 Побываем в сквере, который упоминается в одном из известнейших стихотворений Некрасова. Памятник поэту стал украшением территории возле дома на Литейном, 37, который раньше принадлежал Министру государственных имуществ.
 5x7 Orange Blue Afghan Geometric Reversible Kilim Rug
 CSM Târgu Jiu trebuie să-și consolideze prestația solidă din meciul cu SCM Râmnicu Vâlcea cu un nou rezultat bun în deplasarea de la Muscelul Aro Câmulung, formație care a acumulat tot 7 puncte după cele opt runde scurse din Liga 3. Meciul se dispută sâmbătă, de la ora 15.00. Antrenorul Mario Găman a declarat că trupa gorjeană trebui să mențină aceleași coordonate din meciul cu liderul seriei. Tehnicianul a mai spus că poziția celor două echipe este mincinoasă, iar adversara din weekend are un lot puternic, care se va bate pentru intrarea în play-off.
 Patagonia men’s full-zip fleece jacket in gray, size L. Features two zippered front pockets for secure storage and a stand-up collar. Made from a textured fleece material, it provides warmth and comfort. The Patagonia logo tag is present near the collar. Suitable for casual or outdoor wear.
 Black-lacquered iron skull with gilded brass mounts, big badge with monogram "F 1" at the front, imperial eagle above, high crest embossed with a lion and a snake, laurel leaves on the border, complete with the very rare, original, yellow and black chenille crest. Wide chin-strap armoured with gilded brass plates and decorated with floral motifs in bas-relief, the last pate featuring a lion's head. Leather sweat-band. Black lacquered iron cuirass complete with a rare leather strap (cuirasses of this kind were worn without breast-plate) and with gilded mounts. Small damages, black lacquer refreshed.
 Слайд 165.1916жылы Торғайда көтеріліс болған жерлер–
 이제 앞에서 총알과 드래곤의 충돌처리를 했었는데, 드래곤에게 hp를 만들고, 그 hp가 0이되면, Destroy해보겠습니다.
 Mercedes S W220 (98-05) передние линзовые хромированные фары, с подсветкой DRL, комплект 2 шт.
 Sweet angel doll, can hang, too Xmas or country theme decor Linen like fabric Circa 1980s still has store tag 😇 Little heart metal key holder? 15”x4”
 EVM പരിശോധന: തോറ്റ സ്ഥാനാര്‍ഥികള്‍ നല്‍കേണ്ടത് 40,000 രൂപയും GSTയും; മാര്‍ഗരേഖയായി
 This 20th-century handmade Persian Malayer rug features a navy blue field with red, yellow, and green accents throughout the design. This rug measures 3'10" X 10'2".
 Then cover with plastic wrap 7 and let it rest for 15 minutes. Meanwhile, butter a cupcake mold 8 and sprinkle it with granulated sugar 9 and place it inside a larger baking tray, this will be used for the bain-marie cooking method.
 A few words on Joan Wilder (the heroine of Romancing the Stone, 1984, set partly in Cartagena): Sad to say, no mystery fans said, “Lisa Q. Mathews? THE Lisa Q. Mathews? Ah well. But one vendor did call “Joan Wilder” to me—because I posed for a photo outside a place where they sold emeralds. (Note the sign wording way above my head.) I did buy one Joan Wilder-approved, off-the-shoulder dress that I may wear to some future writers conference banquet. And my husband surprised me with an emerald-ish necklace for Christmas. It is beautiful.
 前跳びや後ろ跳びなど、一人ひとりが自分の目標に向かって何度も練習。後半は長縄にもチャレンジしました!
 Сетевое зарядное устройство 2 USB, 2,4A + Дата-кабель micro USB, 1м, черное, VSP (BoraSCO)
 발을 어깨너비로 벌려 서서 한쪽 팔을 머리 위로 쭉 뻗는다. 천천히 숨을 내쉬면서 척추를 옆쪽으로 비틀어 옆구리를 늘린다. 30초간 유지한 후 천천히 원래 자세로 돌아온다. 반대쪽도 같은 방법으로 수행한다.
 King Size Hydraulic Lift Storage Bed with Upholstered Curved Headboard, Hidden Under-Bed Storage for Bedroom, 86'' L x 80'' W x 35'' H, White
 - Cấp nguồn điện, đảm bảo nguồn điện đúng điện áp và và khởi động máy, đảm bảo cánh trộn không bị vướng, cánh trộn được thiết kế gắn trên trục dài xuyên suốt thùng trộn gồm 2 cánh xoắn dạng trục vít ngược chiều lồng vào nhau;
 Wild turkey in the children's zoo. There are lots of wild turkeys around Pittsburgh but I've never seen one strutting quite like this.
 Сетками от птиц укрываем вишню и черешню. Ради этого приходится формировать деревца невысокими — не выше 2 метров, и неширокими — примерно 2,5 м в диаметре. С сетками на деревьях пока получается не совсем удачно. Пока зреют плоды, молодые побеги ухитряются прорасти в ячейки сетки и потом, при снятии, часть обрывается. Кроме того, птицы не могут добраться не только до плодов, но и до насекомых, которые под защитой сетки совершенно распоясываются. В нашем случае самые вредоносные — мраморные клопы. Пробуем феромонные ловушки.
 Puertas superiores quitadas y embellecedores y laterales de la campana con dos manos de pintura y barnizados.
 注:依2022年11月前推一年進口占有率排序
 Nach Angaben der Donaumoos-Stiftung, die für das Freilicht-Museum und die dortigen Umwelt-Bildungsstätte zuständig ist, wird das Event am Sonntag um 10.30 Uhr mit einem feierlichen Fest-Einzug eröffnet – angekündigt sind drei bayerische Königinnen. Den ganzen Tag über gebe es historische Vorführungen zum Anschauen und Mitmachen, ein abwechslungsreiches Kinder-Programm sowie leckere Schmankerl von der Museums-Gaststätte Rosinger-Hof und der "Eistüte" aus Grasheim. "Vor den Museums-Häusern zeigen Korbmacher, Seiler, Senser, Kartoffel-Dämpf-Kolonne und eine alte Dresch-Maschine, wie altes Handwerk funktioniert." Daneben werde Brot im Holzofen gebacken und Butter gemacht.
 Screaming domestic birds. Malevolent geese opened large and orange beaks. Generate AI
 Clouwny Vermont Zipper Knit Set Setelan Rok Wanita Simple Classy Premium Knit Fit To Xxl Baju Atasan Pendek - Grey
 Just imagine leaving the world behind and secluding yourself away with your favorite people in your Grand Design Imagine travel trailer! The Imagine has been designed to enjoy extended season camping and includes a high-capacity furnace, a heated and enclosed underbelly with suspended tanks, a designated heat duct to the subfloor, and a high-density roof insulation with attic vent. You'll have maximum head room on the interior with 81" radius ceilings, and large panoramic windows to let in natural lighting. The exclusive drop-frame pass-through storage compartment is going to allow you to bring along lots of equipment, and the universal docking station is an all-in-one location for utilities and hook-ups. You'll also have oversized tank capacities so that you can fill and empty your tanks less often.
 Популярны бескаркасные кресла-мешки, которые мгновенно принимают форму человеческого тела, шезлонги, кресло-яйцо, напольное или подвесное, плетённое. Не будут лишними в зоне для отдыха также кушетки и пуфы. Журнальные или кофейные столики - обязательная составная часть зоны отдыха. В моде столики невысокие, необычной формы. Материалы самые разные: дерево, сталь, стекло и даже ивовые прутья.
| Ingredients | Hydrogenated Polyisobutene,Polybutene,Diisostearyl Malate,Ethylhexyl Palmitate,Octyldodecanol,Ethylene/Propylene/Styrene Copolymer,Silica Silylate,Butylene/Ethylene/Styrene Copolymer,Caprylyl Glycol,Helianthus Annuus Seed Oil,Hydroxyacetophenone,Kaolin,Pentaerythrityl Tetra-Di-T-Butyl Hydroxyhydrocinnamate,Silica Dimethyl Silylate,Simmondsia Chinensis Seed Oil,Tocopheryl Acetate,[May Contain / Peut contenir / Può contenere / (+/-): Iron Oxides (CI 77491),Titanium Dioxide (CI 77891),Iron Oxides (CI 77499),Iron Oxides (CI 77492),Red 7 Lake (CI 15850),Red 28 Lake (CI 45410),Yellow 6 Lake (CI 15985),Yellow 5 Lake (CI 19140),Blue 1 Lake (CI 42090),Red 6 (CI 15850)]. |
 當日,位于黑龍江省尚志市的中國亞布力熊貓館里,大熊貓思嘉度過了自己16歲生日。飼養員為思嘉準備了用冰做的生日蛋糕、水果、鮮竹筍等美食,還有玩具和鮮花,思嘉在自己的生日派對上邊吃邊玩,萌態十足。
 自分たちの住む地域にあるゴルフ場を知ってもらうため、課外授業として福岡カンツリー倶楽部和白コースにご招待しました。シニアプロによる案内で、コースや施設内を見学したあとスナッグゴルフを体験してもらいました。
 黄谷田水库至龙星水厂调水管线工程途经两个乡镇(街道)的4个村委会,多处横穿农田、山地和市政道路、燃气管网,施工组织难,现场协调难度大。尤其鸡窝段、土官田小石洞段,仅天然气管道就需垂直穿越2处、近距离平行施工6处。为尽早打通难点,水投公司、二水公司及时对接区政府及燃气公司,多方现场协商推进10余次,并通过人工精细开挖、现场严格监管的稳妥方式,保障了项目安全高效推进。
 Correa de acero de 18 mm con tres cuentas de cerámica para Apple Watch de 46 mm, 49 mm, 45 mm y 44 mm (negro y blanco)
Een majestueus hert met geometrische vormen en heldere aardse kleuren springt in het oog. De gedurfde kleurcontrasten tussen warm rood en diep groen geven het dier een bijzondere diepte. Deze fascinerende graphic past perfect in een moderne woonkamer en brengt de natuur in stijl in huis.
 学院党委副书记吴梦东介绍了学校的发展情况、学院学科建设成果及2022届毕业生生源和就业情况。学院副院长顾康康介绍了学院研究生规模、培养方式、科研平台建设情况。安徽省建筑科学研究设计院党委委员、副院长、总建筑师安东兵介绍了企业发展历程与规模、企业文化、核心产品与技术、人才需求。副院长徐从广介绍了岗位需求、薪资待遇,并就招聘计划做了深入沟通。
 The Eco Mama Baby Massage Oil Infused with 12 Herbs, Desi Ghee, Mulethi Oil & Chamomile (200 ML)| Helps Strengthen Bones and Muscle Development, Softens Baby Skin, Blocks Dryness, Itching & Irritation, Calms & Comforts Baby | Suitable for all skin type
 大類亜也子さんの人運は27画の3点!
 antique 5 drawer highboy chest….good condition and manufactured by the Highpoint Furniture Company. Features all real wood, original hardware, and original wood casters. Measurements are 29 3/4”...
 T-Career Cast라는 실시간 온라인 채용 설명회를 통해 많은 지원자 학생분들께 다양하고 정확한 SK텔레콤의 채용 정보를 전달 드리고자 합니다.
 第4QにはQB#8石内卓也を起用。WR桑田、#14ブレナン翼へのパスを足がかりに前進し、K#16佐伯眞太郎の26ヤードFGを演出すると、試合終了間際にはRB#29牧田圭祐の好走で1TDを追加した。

------

## YOUR INSTRUCTIONS
The entries above hold the needed span. Transcribe exactly the lines from the one with "学院党委副书记吴梦东介绍了学" to the one with "antique 5 drawer", both included.

## REPLY
 学院党委副书记吴梦东介绍了学校的发展情况、学院学科建设成果及2022届毕业生生源和就业情况。学院副院长顾康康介绍了学院研究生规模、培养方式、科研平台建设情况。安徽省建筑科学研究设计院党委委员、副院长、总建筑师安东兵介绍了企业发展历程与规模、企业文化、核心产品与技术、人才需求。副院长徐从广介绍了岗位需求、薪资待遇,并就招聘计划做了深入沟通。
 The Eco Mama Baby Massage Oil Infused with 12 Herbs, Desi Ghee, Mulethi Oil & Chamomile (200 ML)| Helps Strengthen Bones and Muscle Development, Softens Baby Skin, Blocks Dryness, Itching & Irritation, Calms & Comforts Baby | Suitable for all skin type
 大類亜也子さんの人運は27画の3点!
 antique 5 drawer highboy chest….good condition and manufactured by the Highpoint Furniture Company. Features all real wood, original hardware, and original wood casters. Measurements are 29 3/4”...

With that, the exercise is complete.